Jennifer turned her pale blue eyes on me in astonishment. “Oh! I don’t …” She swallowed hard, blinked and put her chin on her fist. “Gosh, I don’t know. I never thought about it.” For a few moments, she apparently did just that. Then she gave a tentative shake of her head. “I can imagine Grandpa trying it, but honestly, I don’t see Hector going along with him. Like I said, Hector really loved Aunt Margaret and Chris.”

The living room was silent while we each reflected on the life and times of Hector Ramirez. I hadn’t built a fire, and there was a definite chill in the air. The wind was gentle tonight, a soft sigh in the trees that surrounded all but the front of my house. I heard a logging truck rumble down the street as someone came home, no doubt after a long stop at Mugs Ahoy or the Icicle Creek Tavern.

I was the first to break the silence. “I’m puzzled about Chris and Mark. Your brother borrowed Chris’s cap and jacket, yet Kent says they had a fight. That doesn’t make sense.”

Suddenly edgy, Jennifer avoided my gaze, hiding behind her veil of fair hair. “There was no fight,” she said in a mumble.

“I’m glad to hear it,” I said, trying to sound cheerful. “Is Kent trying to cause trouble or is he always so full of bunk?” My guess was both, but I waited with a smile for Jennifer’s reply.

She prefaced it with a deep sigh. “Oh, Kent can be such a pill! He doesn’t mean to be, but I think he feels he has to act like a big shot because he married into the Doukas family. It’s really very immature.”

“It sure is. It’s also harmful to people like Chris. It gave Sheriff Dodge the wrong impression. I’m very relieved to hear there was no quarrel.”

Jennifer seemed to be brooding over her husband’s faults. She looked up suddenly, pushing the long hair off her face. “I didn’t say there was no quarrel. I just said there wasn’t one between Chris and Mark.” She thrust out her small chin in a surprisingly pugnacious manner. “Kent and Mark got into it, just before Mark left. Having him go off and get killed is enough to make me cry for him, too.”

“Oh.” I took note of the uncharacteristic spark in her eyes. “Yes, I can understand that. What did they fight about?”

Her shoulders slumped again. “Kevin. Mark was mad because Kent’s brother had told your reporter about the gold. Except there wasn’t any, of course. Mark blamed Kent for having such a dopey brother.”
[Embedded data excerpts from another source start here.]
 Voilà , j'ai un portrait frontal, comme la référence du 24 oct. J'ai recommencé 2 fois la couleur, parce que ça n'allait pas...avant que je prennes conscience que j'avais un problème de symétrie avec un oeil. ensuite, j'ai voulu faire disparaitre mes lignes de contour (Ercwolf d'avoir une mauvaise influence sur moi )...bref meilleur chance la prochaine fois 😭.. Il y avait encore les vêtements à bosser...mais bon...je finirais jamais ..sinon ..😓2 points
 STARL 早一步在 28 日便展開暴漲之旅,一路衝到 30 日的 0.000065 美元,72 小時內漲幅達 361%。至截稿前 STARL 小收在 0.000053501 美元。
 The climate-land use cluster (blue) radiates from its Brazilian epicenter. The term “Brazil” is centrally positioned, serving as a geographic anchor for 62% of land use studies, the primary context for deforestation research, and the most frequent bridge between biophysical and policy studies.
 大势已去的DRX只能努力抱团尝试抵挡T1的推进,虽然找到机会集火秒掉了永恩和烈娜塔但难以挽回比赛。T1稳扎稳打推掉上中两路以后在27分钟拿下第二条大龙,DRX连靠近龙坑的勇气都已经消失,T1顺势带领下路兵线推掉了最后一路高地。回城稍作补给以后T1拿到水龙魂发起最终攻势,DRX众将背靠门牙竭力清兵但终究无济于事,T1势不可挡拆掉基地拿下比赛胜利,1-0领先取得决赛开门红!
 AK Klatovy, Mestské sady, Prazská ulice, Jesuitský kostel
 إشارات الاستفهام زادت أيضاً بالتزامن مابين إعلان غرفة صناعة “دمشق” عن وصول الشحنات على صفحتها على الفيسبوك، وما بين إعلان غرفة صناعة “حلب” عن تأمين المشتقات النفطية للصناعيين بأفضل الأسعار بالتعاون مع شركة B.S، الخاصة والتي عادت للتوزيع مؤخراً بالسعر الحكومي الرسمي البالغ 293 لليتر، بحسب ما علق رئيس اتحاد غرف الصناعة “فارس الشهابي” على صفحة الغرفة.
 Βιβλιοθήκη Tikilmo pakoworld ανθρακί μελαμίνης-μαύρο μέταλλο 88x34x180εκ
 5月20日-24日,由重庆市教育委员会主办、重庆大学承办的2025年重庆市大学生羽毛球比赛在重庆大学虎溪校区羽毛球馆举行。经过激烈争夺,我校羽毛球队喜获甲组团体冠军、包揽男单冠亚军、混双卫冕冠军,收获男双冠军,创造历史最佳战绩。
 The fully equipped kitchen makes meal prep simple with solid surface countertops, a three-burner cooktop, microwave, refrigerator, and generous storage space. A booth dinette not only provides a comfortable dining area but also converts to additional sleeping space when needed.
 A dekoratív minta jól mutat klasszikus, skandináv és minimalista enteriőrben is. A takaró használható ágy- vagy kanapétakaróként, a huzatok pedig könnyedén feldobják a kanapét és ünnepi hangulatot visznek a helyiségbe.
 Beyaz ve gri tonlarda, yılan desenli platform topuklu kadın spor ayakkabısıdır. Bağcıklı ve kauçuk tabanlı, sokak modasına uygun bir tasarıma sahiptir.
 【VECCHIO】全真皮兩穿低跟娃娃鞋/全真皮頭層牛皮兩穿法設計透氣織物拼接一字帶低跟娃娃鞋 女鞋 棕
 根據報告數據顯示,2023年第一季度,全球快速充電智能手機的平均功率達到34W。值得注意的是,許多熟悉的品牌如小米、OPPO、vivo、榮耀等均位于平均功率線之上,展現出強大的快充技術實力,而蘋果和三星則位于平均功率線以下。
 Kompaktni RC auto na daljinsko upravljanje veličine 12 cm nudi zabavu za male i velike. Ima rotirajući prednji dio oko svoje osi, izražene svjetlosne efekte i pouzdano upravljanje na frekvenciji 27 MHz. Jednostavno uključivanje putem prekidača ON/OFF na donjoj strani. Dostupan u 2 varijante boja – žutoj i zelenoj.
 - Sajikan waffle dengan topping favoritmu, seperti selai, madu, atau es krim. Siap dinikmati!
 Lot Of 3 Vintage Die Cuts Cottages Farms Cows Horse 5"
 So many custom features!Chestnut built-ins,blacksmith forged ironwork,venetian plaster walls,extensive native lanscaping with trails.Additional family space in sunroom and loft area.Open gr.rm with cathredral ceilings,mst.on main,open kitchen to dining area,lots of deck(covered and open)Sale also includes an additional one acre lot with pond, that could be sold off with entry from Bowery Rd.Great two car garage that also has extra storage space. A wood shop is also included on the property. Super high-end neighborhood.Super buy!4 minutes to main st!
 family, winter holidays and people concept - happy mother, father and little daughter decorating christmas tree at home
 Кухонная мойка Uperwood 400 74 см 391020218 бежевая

I’d meant to talk to Kevin but hadn’t gotten a chance. By the time he was out of school, I was knee-deep in phone calls and Fuzzy Baugh’s visit. Now it was too late to call a teenager who had to get up at seven in the morning. At least that’s the way it had worked at our house.

I wondered how far I could push Jennifer. I sensed that her anger—or in her case, anguish was a better word—with Kent might temporarily overcome her protective instincts. “Was it a serious quarrel?”

“Well, they didn’t hit each other this time. I heard some of it. They just yelled a lot, mostly about who had the stupidest relatives.” A flash of alarm crossed her face. “Don’t take this wrong, Ms. Lord—Mark and Kent were always on each other’s case. It was some kind of macho deal. But they weren’t enemies. They even partied together.”

The kind of partying Mark and Kent had done depressed me. I could envision raucous nights with a half-dozen kegs, stale nachos, and bad jokes, culminating in ghastly trips to the bathroom. By comparison, my bathrobe and a can of Pepsi didn’t look half so bad.

“But on that note, Mark left?” I asked innocently.

“I guess.” Jennifer looked glum.

“Then I gather your dad gave Chris a ride home?”

She drank more soda. “Yes. A few minutes later, we went home, too.”

“You didn’t see Chris again?”

“No.”

“You stayed home the rest of the evening?”